WHAT TO WORK ON =
Without the images, reproduce each line of the material exactly.

GIVEN INFORMATION =

# # # # # # #

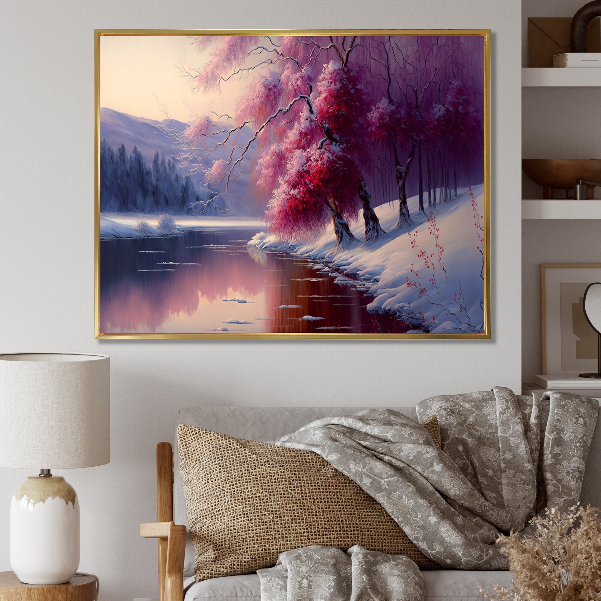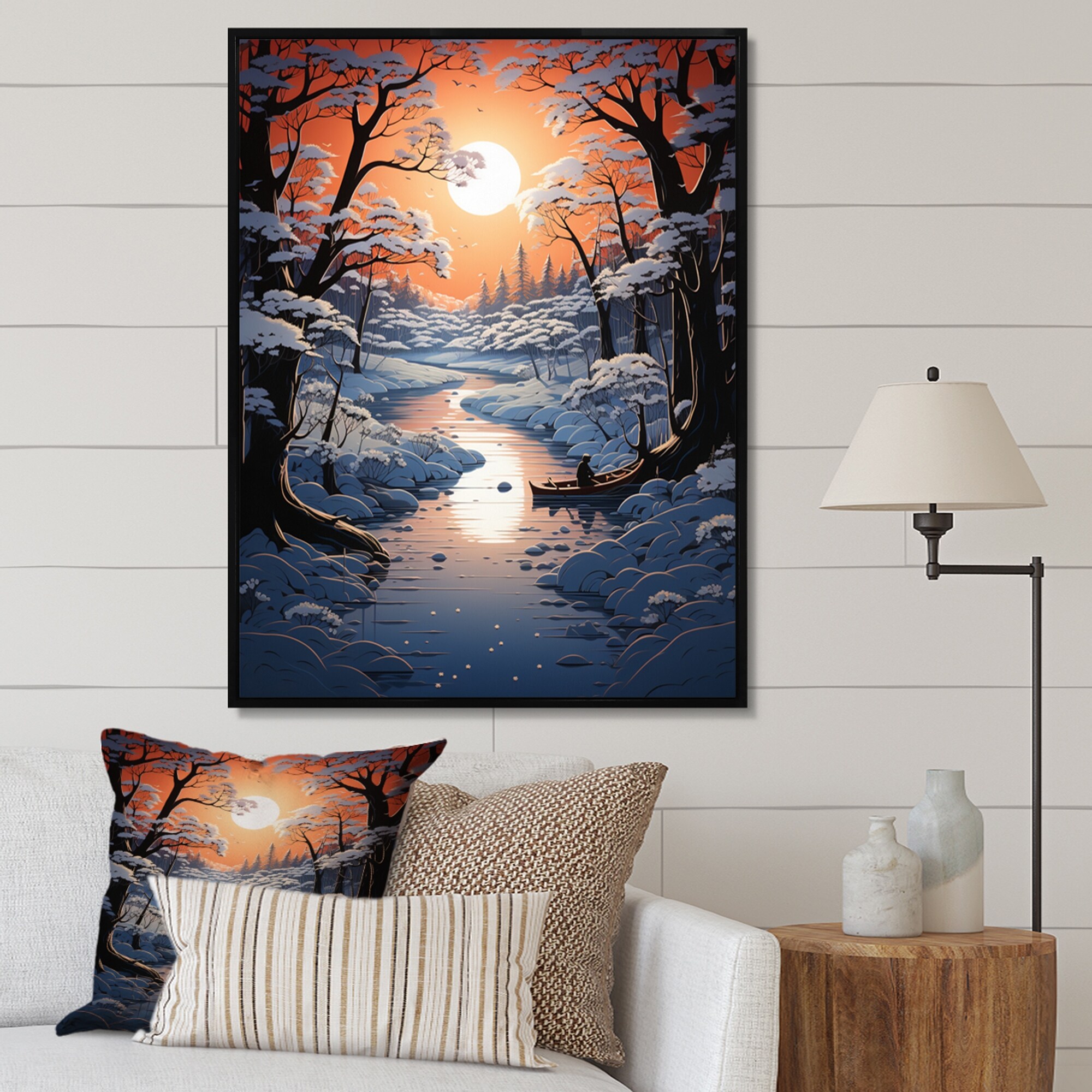 Designart "Winter River Harmony I" Winter Landscape Framed Canvas Art Print
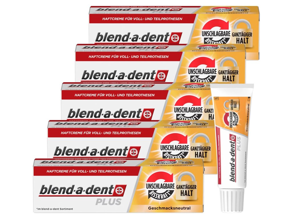 Blend-a-dent Original Complete je fixačný krém bez príchuti, ktorý zvyšuje stabilitu zubnej náhrady a posilňuje silu zhryzu až o 63%. Krém zabraňuje prenikaniu zvyškov jedla pod zubnú náhradu. Náhradu upevní a zároveň pod ňou vytvára mäkký podklad, ktorý chráni ďasná pred mechanickým trením spôsobeným náhradou.
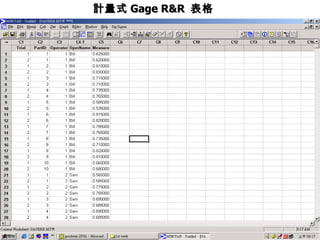 Two-Way ANOVA TableWith Interaction Source DF SS MS F P PartID 9 0.468373 0.0520415 89.6480 0.00000 OperName 2 0.013476 0.0067379 11.6069 0.00058 OperName*PartID 18 0.010449 0.0005805 2.4703 0.01380 Repeatability 30 0.007050 0.0002350 Total 59 0.499348 Gage R&R %Contribution Source VarComp (of VarComp) Total Gage R&R 7.16E-04 7.70 Repeatability 2.35E-04 2.53 Reproducibility 4.81E-04 5.17 OperName 3.08E-04 3.31 OperName*PartID 1.73E-04 1.86 Part-To-Part 8.58E-03 92.30 Total Variation 9.29E-03 100.00 StdDev Study Var %Study Var Source (SD) (5.15*SD) (%SV) Total Gage R&R 2.68E-02 0.137769 27.75 Repeatability 1.53E-02 0.078948 15.90 Reproducibility 2.19E-02 0.112904 22.74 OperName 1.75E-02 0.090363 18.20 OperName*PartID 1.31E-02 0.067690 13.63 Part-To-Part 9.26E-02 0.476948 96.07 Total Variation 9.64E-02 0.496446 100.00 須小于 9%. 須小于 30%. - 7.
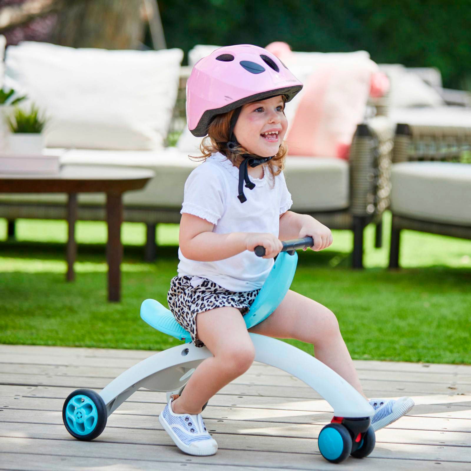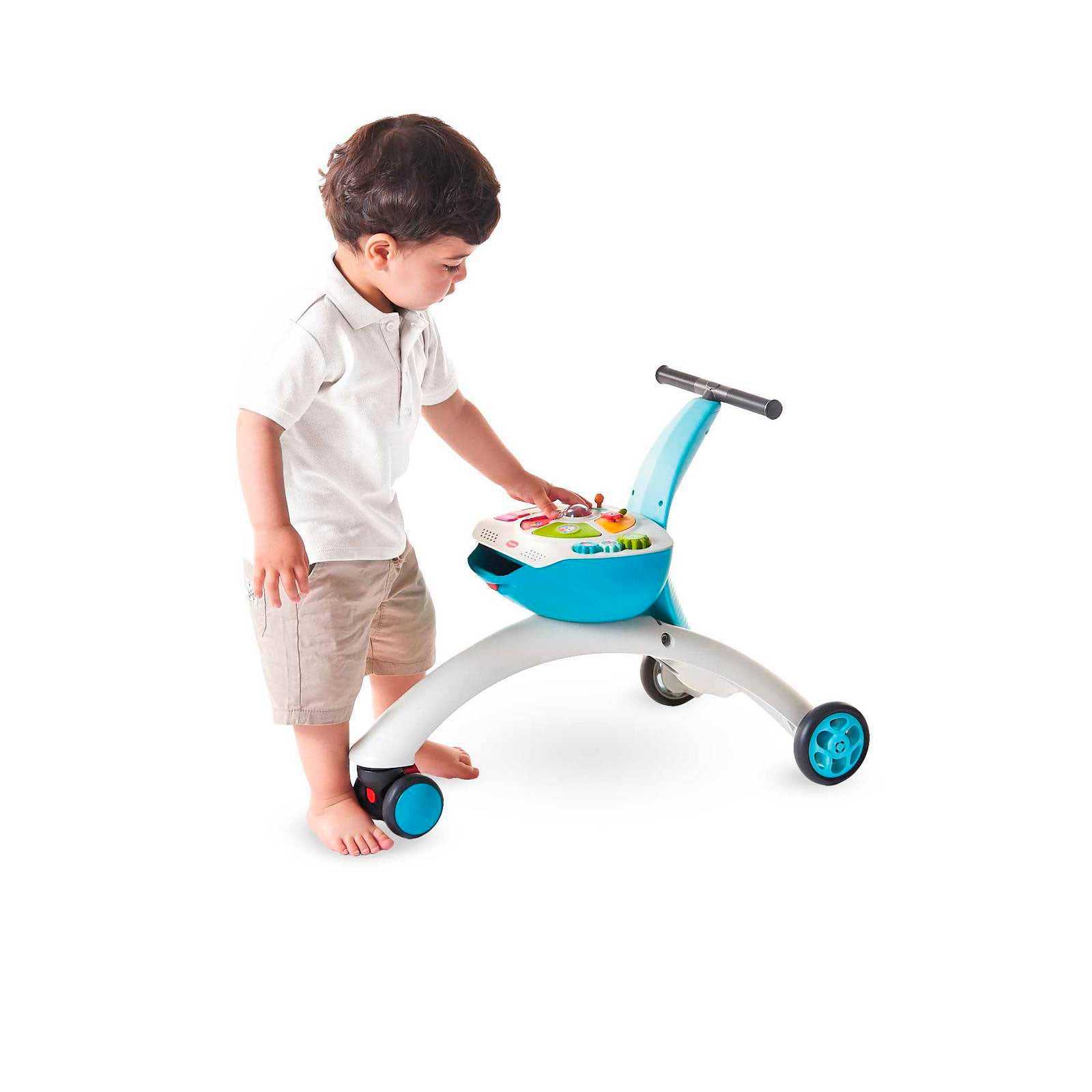 Passear: A criança pode se sentar no triciclo e usa os pés para avançar -- aprendendo a andar enquanto controla o equilíbrio.

# # # # # # #

TASK SOLUTION =
 Designart "Winter River Harmony I" Winter Landscape Framed Canvas Art Print
 Blend-a-dent Original Complete je fixačný krém bez príchuti, ktorý zvyšuje stabilitu zubnej náhrady a posilňuje silu zhryzu až o 63%. Krém zabraňuje prenikaniu zvyškov jedla pod zubnú náhradu. Náhradu upevní a zároveň pod ňou vytvára mäkký podklad, ktorý chráni ďasná pred mechanickým trením spôsobeným náhradou.
 Two-Way ANOVA TableWith Interaction Source DF SS MS F P PartID 9 0.468373 0.0520415 89.6480 0.00000 OperName 2 0.013476 0.0067379 11.6069 0.00058 OperName*PartID 18 0.010449 0.0005805 2.4703 0.01380 Repeatability 30 0.007050 0.0002350 Total 59 0.499348 Gage R&R %Contribution Source VarComp (of VarComp) Total Gage R&R 7.16E-04 7.70 Repeatability 2.35E-04 2.53 Reproducibility 4.81E-04 5.17 OperName 3.08E-04 3.31 OperName*PartID 1.73E-04 1.86 Part-To-Part 8.58E-03 92.30 Total Variation 9.29E-03 100.00 StdDev Study Var %Study Var Source (SD) (5.15*SD) (%SV) Total Gage R&R 2.68E-02 0.137769 27.75 Repeatability 1.53E-02 0.078948 15.90 Reproducibility 2.19E-02 0.112904 22.74 OperName 1.75E-02 0.090363 18.20 OperName*PartID 1.31E-02 0.067690 13.63 Part-To-Part 9.26E-02 0.476948 96.07 Total Variation 9.64E-02 0.496446 100.00 須小于 9%. 須小于 30%. - 7.
 Passear: A criança pode se sentar no triciclo e usa os pés para avançar -- aprendendo a andar enquanto controla o equilíbrio.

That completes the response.